Task objective
Beneath this task are records; print exactly the stretch of them from the line with "体育运动委员会副主任、基础医学部主任乔海兵为健美操一等奖获得者颁奖" through the line with "管式螺旋輸送機一般情況下用于", both ends included.
--- Dataset excerpts Enclosed Below ---
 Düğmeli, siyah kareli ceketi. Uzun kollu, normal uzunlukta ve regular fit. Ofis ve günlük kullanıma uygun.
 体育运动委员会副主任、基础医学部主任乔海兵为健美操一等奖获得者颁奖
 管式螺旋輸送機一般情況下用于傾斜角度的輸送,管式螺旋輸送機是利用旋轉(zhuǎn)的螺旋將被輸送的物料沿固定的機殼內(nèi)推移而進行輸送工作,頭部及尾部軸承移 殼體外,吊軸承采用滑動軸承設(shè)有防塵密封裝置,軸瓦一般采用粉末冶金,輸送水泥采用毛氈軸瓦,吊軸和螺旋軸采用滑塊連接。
--- End of Enclosed Dataset excerpts ---
--- Dataset excerpts Enclosed Below ---
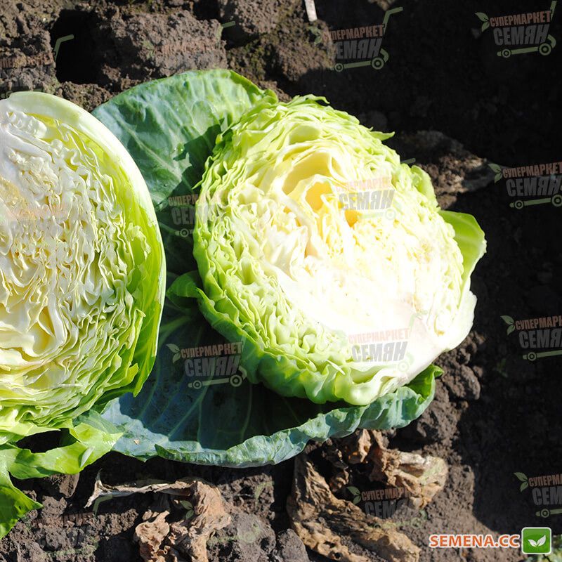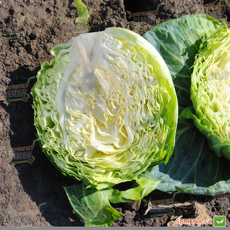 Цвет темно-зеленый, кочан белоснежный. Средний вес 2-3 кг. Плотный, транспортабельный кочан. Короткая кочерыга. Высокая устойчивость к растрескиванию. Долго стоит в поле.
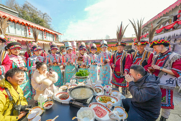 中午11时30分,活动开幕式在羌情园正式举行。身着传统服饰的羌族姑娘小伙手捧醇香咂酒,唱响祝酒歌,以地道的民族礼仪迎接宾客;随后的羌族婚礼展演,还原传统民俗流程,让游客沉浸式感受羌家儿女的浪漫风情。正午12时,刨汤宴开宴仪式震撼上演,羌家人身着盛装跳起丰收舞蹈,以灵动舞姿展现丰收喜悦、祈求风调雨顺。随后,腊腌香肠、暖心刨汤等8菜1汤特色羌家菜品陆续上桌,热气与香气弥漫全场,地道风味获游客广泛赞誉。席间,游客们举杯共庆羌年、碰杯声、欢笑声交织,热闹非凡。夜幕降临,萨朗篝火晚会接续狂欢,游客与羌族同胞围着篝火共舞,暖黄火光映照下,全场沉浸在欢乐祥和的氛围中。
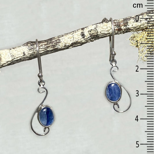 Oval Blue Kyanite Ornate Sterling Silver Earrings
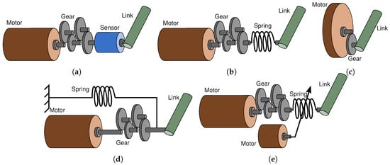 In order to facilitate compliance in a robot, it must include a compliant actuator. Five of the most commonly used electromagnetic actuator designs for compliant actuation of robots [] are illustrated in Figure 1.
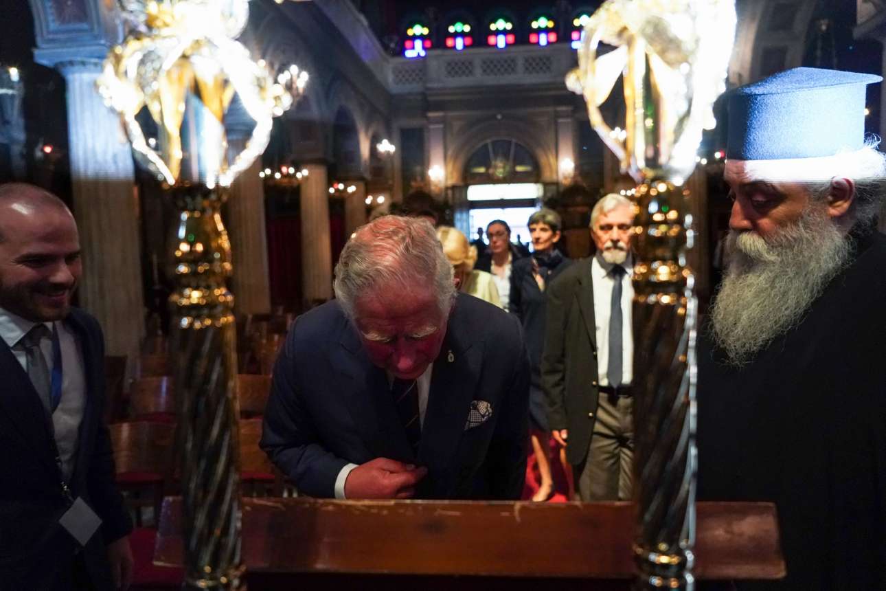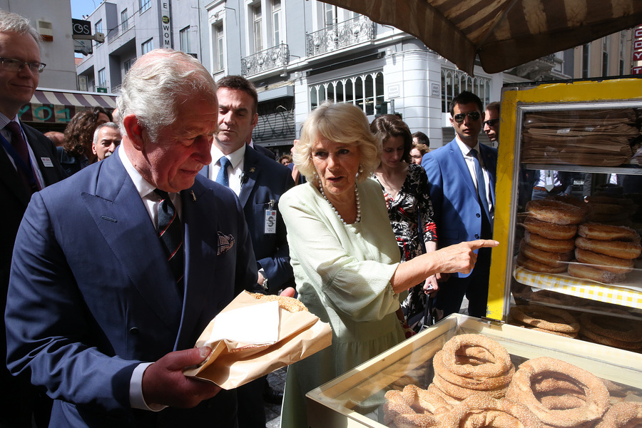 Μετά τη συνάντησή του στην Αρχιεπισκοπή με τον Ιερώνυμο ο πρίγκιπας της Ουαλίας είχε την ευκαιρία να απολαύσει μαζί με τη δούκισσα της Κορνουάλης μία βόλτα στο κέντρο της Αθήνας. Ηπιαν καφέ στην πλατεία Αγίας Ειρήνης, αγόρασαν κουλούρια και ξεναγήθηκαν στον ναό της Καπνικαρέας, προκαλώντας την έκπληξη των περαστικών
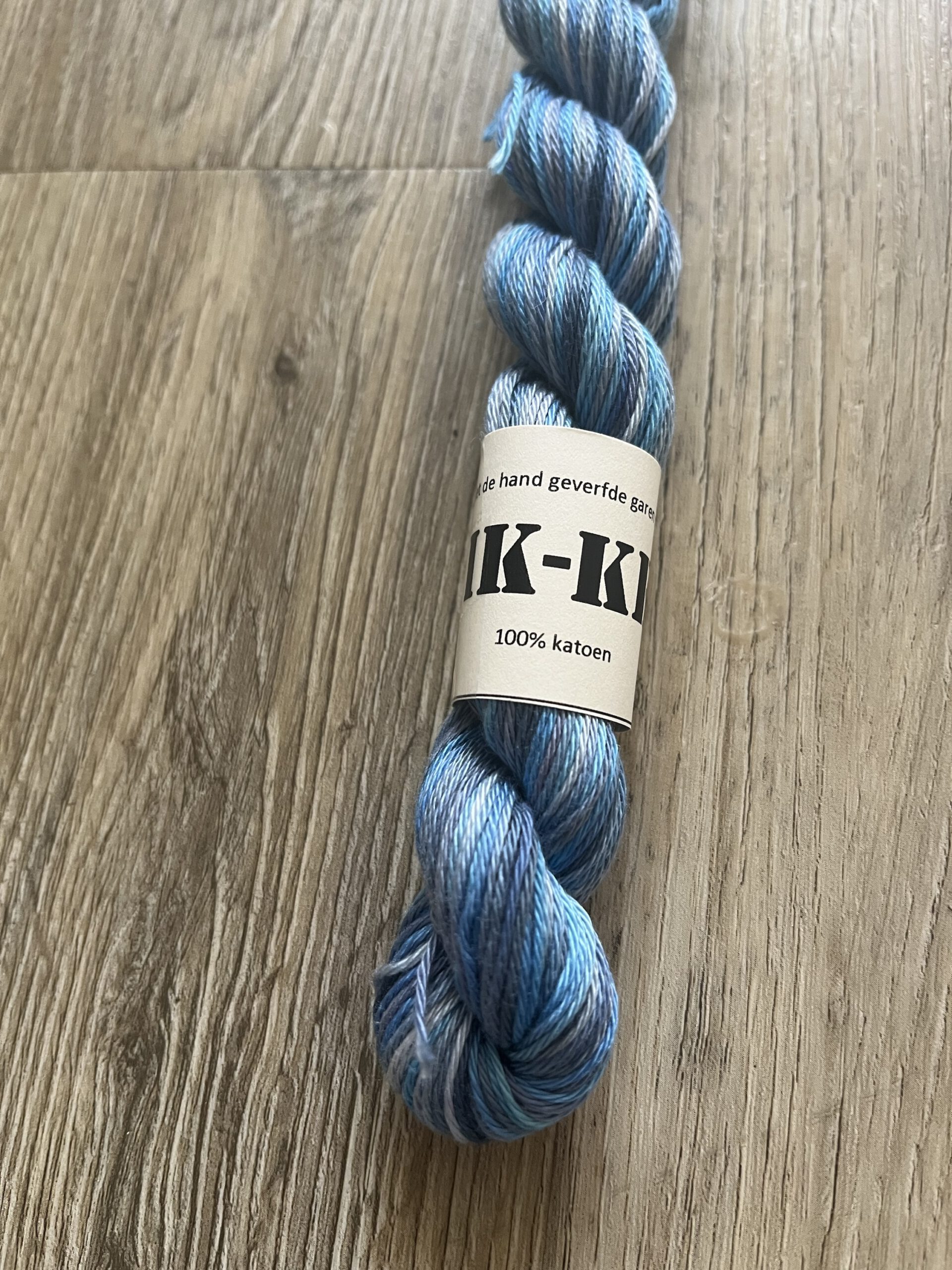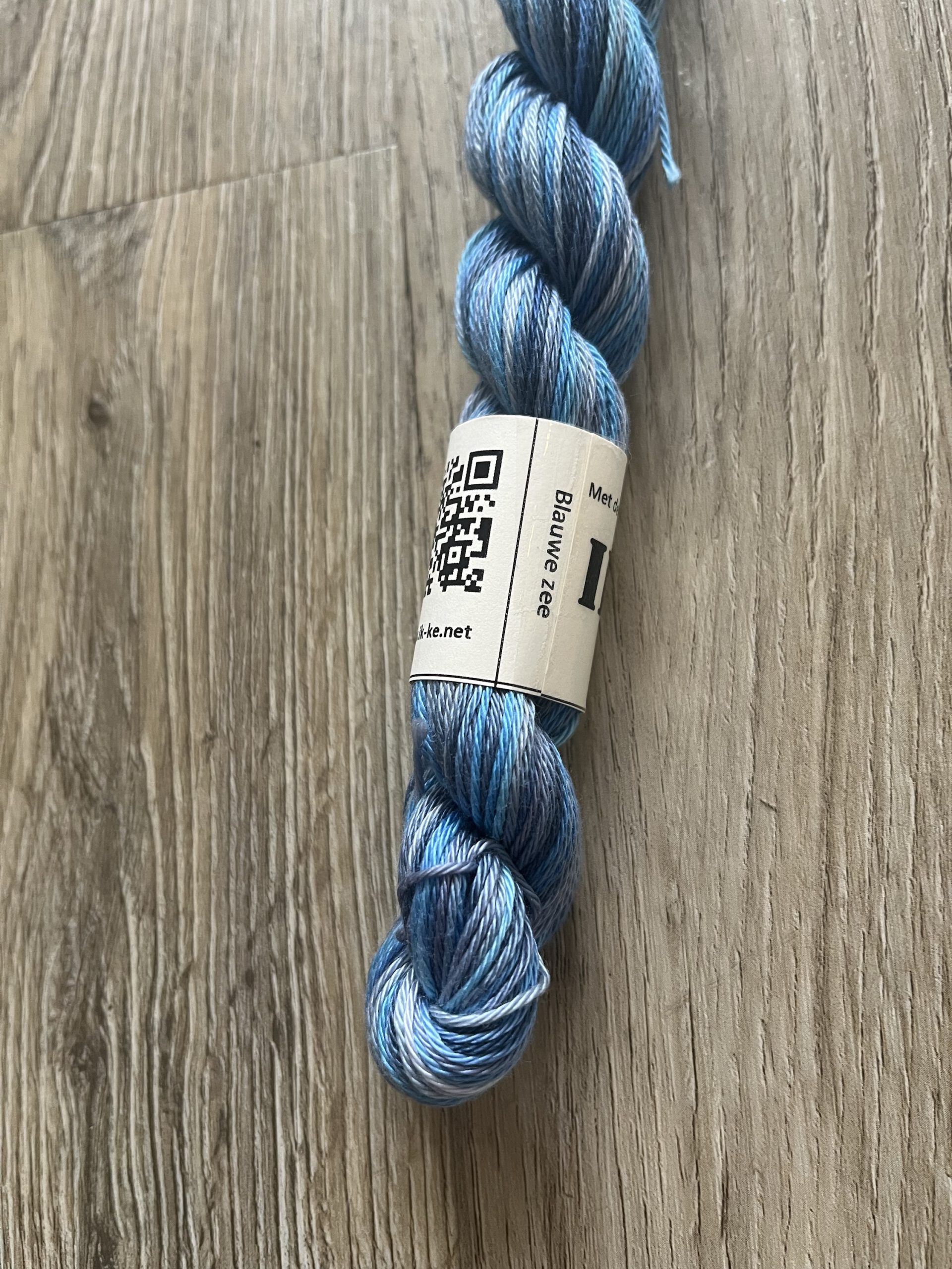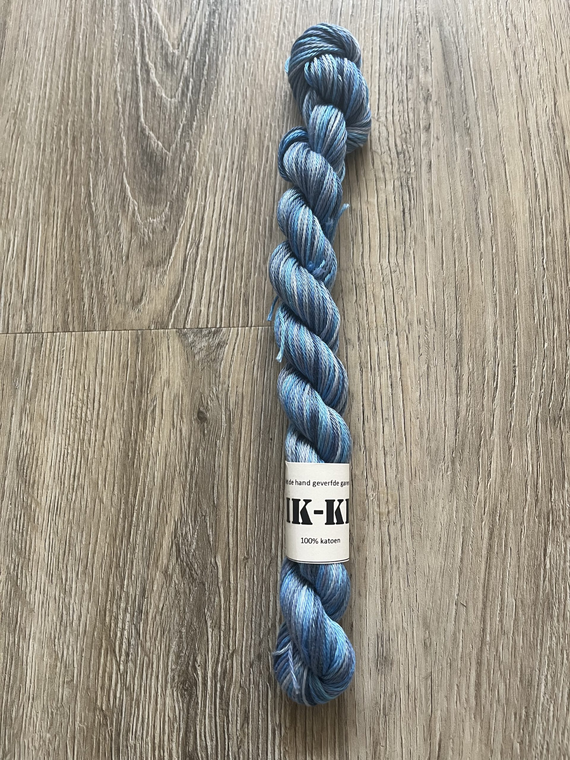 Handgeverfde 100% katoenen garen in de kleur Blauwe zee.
--- End of Enclosed Dataset excerpts ---
Solved exercise
 体育运动委员会副主任、基础医学部主任乔海兵为健美操一等奖获得者颁奖
 管式螺旋輸送機一般情況下用于傾斜角度的輸送,管式螺旋輸送機是利用旋轉(zhuǎn)的螺旋將被輸送的物料沿固定的機殼內(nèi)推移而進行輸送工作,頭部及尾部軸承移 殼體外,吊軸承采用滑動軸承設(shè)有防塵密封裝置,軸瓦一般采用粉末冶金,輸送水泥采用毛氈軸瓦,吊軸和螺旋軸采用滑塊連接。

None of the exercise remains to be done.